The name Slow Food USA basically says it all about this organization founded to counter America’s fast−food culture.
Comprising over 15,000 members split into 170 chapters, the organization supports and promotes the cultivation and enjoyment of local, seasonal, and sustainably grown foods. In a variety of ways, Slow Food fights the good fight against the industrialization of America’s food system that took hold during the Industrial Revolution in the 1800s and has accelerated ever since.
One thing the organization does is to support gardens in schools. Two Williamsburg schools – Automotive High School and I.S. 71 – are among the four in New York City that receive Slow Food funds for their gardens.
Sandra McLean, a Boerum Hill resident and chair of Slow Food’s New York City chapter, said the need for these gardens is more acute for schools with low−income populations like the two Williamsburg public schools. These schools have student bodies hailing from low−income neighborhoods with high obesity and diabetes rates in Williamsburg and beyond.
“The impact fast food has had on these poor communities is staggering. Grocery stores have pulled out in place of fast food places,” McLean said.
“They don’t have grocery stores, they have bodegas. But what’s in a bodega? Maybe an apple, a banana, an onion?”
Instead, McLean seeks to foster an appreciation of fresh foods, all the way from seedling to the plate.
“It’s this notion of food becoming more precious,” she said. “When you grow your own food, you’re more attuned to what you’re eating.
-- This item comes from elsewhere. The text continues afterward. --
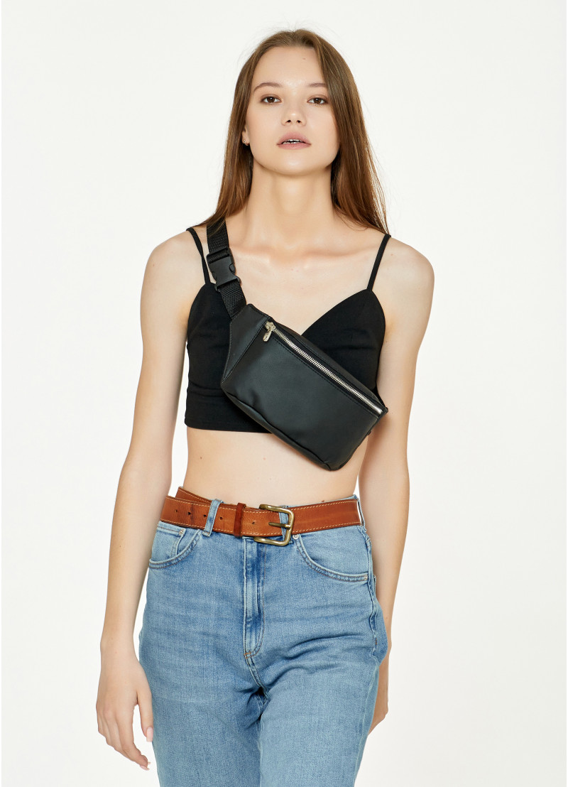 Жіноча бананка Sambag Tirso Mss чорного кольору виконана з екошкіри. В середині підкладка з матеріалу оксфорд. Підкладка бере на себе навантаження, завдяки чому термін служби бананки значно збільшується. Вона має металеві блискавки з металевими бігунками з фіксаторами, тому самостійно сумка відкриватись не буде. Ззаду бананка має додаткове відділення на блискавці. Всередині сумки декілкька кишень. Ремінець регулюється від 86 см до 123 см, завдяки чому її можна зручно носити як на поясі, так і через плече.

For these children, they’re really getting exposure to food on a completely different level.”
She also touted the psychological and lifestyle benefits of gardening for city residents.
“For urban dwellers, it forces you to slow down a little and let the seedlings grow.”
The garden at Automotive – which can be found right in front of the 50 Bedford Avenue school – began in minimal form in the fall of 2006 with the planting of flower bulbs. By the following fall, it had expanded to include lettuce, garlic and herbs. By the spring of 2008, there were strawberries, green beans, okra, snap−peas, and beats.
The garden existed before the Slow Food grant, but the money – each school gets around $2,000 – will allow the school to run an after−school cooking and tasting club that will expand the garden’s reach. The funding will also help establish a weekly market stand available to neighborhood residents that the school hopes to start this spring.
“It’s extremely important for this population – most of these kids come from neighborhoods that are food deserts,” said Jenny Kessler, the teacher who runs the program.
“I don’t expect them to change their eating habits right away, but as long as they have those skills and they’re thinking about things and asking questions, that’s a start.”
At I.S. 71 (215 Heyward Street), the Slow Food funding helped convert an overgrown but underutilized garden in the school’s center courtyard into a verdant gem.
This fall, the school planted and harvested leafy vegetables. Come spring, the assortment will be greatly expanded.
Megan Milewski, who supervises the garden along with fellow teacher Christine Simone, said she plans to appeal to her school’s large Latino population by growing cilantro and various forms of peppers essential to Latino cuisine.
Like Kessler, Milewski was inspired to start the garden after noticing the dearth of fresh foods in her students’ diets.
“We would be eating a piece of fruit or a vegetable, and they would say, ‘Are you being punished? We only eat vegetables when we’re punished,’” she recalled.
“We thought if they grow their own vegetables and maybe owned it, they might actually eat it.”